Recent advances in multi-field manipulations of the metal–insulator transition in correlated vanadium oxides enabling interdisciplinary applications

Abstract

The metal–insulator transition (MIT) in vanadium oxides leads to abrupt variations in their correlated physical functionalities, emerging as a new paradigm that enriches their multidisciplinary applications in correlated electronics, energy conversion and spintronics.

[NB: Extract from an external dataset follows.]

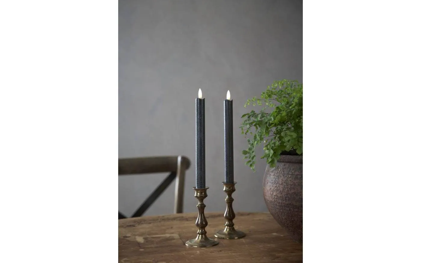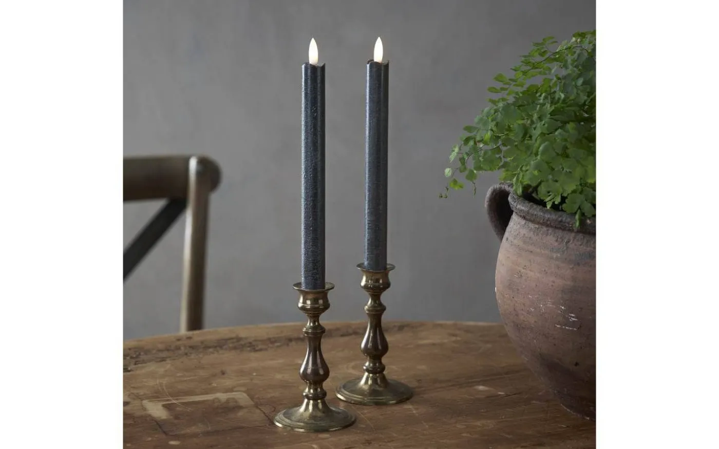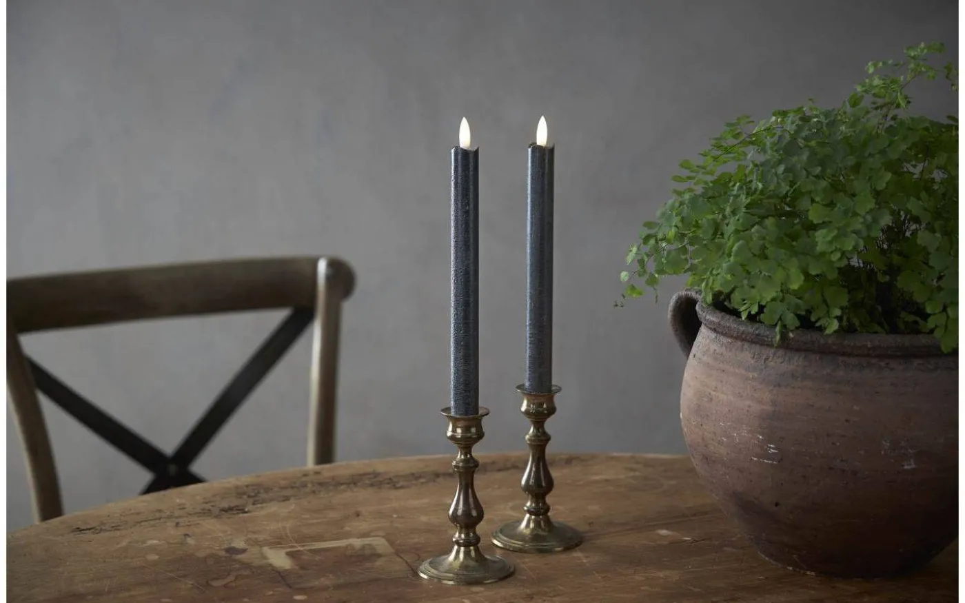 Dessa fina antikljus har en svart veke med en rund 3D-låga som nästintill ser ut som en riktig låga. Dessa batteridrivna ljus lyser i ett mysigt varmvitt ljussken och lågan skiftar i ljusstyrka för att avge ett vackert och verklighetstroget intryck.

Beyond the conventional thermally-driven MIT, the highly tunable electronic orbital configuration of VO₂ enables the regulation of its MIT behavior using multiple external fields, which extensively expands the exploration of new quantum states and exotic physical functionalities. This review delivers a systematic and in-depth picture of the MIT properties in vanadium oxides, covering the MIT mechanism, multi-field regulation, interdisciplinary applications and beyond. In particular, adjusting the interplay among the instabilities in the charge, spin, lattice and orbital degrees of freedom using external fields holds great promise for discovering new electronic phases arising from the non-equilibrium states within the phase diagram of vanadium oxides. Beyond that, a broader vision is presented regarding the cutting-edge research fields of the interdisciplinary applications of VO₂ and the underlying mechanism driving these phase transitions via multiple fields. Based on this crucial overview of future prospects, this review aims to provide fundamentally new insights into the metal–insulator transitions in vanadium oxides, advancing next-generation electronic device applications.